The defendant in his answer justifies the entry on the ground that he had an open right of way over the premises, and entered to remove an obstruction unlawfully placed therein. The plea of justification assumes that the plaintiff has a cause of action, except for the matter specially pleaded. But, aside from this, the language in the answer setting up the justification, by fair construction, admits that the plaintiff owned and was possessed of the locus in quo.
The answer alleges that the defendant was the owner of the lands lying next "northerly of the lands of the plaintiff, which are mentioned and described in the complaint;" that he has an open right of way across "the said lands of the plaintiff," granted by a former owner; that the plaintiff or some one in possession of the land within five years last past wrongfully put a gate across the way; that the defendant "requested the plaintiff to remove such gate and to discontinue the same, and he promised to do so, but wrongfully continued the same;" and that thereupon he entered and removed the gate, etc. The answer is in substance, "true; I entered your (plaintiff's) premises, but I did so to remove *302 an obstruction maintained by you in a way from my lands across your lands, as I had a lawful right to do." The court was, we think, justified in treating the ownership and possession of thelocus in quo in the plaintiff, as admitted by the pleadings. The concluding clause in the answer which denies the complaint, "except as hereinbefore answered," is not a denial of the plaintiff's title alleged in the complaint, as that is answered and admitted by what precedes it.

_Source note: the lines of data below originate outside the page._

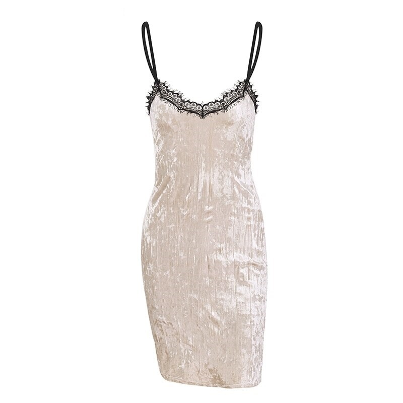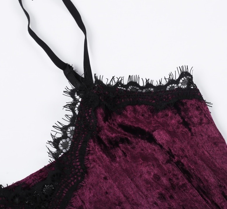 Luxuoso abito mini in velluto per donna decorato con delicata pizzo.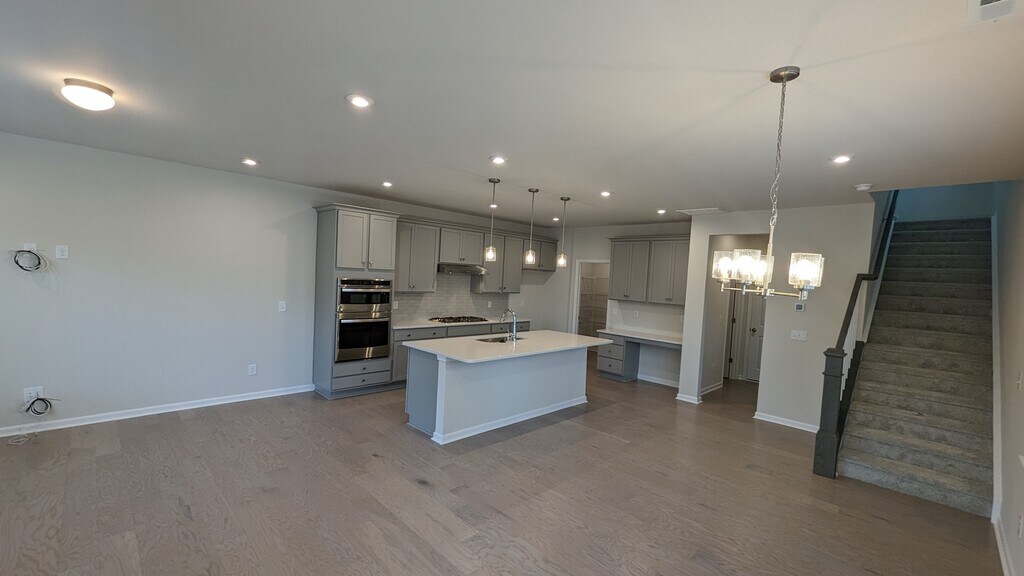 FOR RENT, Available April 1st. Beautiful open and bright end unit townhome in the Forest Lake subdivision in Brawley School Road, Mooresville, NC. The main level boasts a luxurious gourmet kitchen upgrade with quartz countertops, an over-sized island, 36” gas cooktop, elevated stainless steel appliances, upgraded stone gray cabinets, white backsplash tile, all tied together by the stunning Yukon Blanco quartz counter tops. The kitchen also features the desk upgrade, creating a convenient workspace with matching cabinets and quartz countertops as well. The great room and dining room seamlessly flow together to create a spacious first floor complimented by the lovely front courtyard and planting area. Upstairs, there are four bedrooms, including the primary suite, featuring the tray ceiling upgrade, an upgraded shower with all tile walls, and also an additional door in the primary walk-in closet that connects directly to the upstairs laundry room equipped with large washer and dryer. Adjacent to the primary suite, the loft has been converted into a 4th bedroom. The unit also has a 2-car garage and comes equipped with all appliances.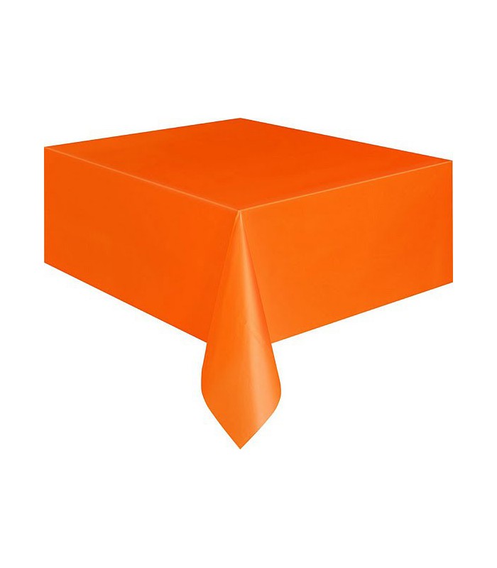 Nappe en plastique de couleur orange. Dimension: 137cm x 274cm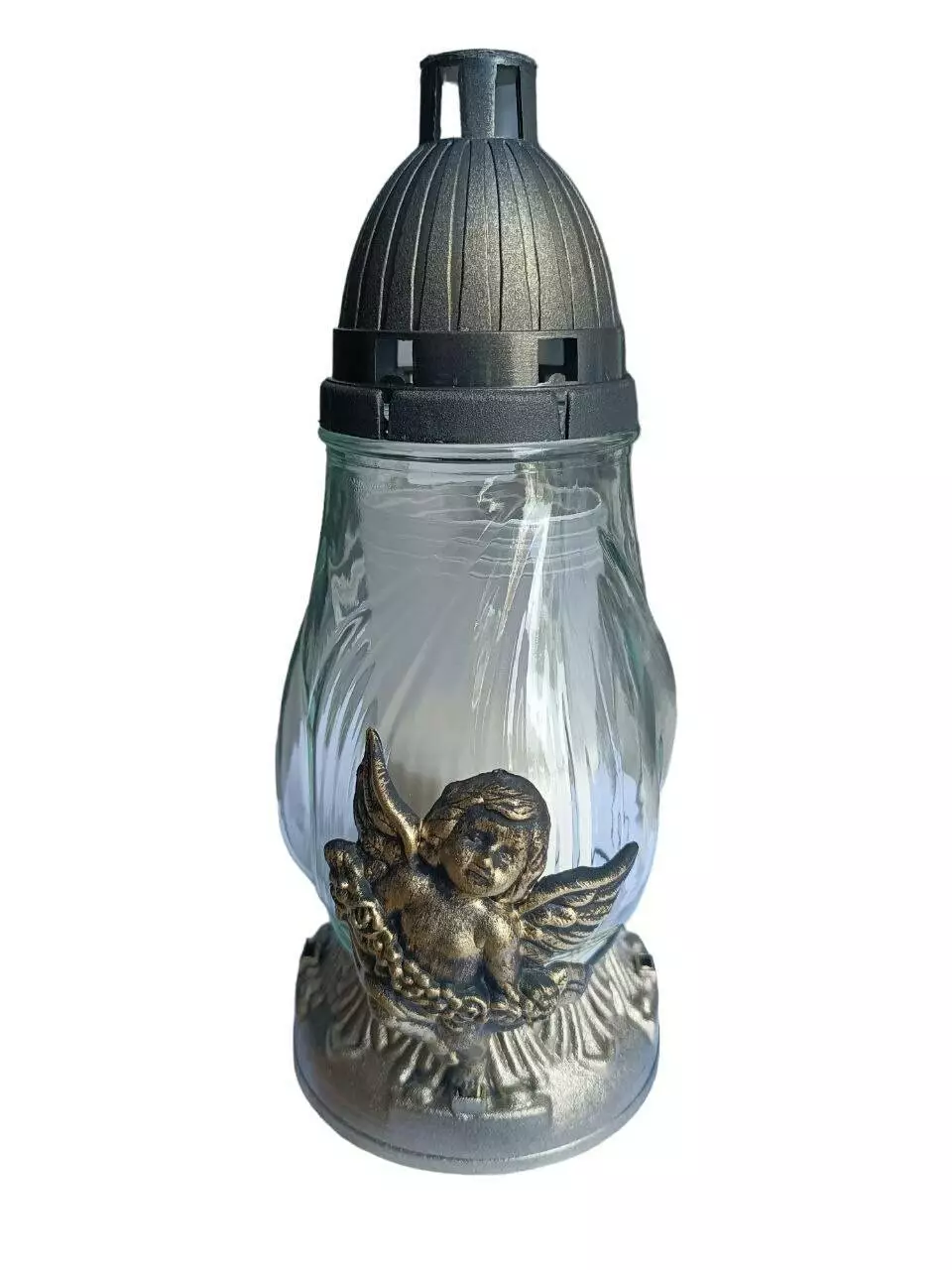 Лампадка виготовлена зі скла, з пластиковою кришечкою та

The fact that the plaintiff failed to prove either title or possession to the locus in quo, did not deprive him of the benefit of the admission in the answer. The record is consistent with a recovery by the plaintiff, because that admits a title in him.
The plaintiff unnecessarily attempted to show that he had possession in fact at the time of the alleged trespass, and the proof, as the court held, showed that both the legal title and possession was in his wife. Assuming that the judge might under the circumstance have held that by going into proof, the plaintiff should be deemed to have waived the benefit of the admission in the pleadings; he did not do so, and no rule of law was violated in allowing the plaintiff to repose upon the admission of title, after he had attempted, but failed, to establish his title or possession by proof.
There was no exception to the direction of the verdict, and no other point is urged for the reversal of the judgment, except the one we have considered.
The judgment should be affirmed.
FOLGER, MILLER and RAPALLO, JJ., concur; ALLEN, J., dissents; CHURCH, Ch. J., not voting; EARL, J., not sitting.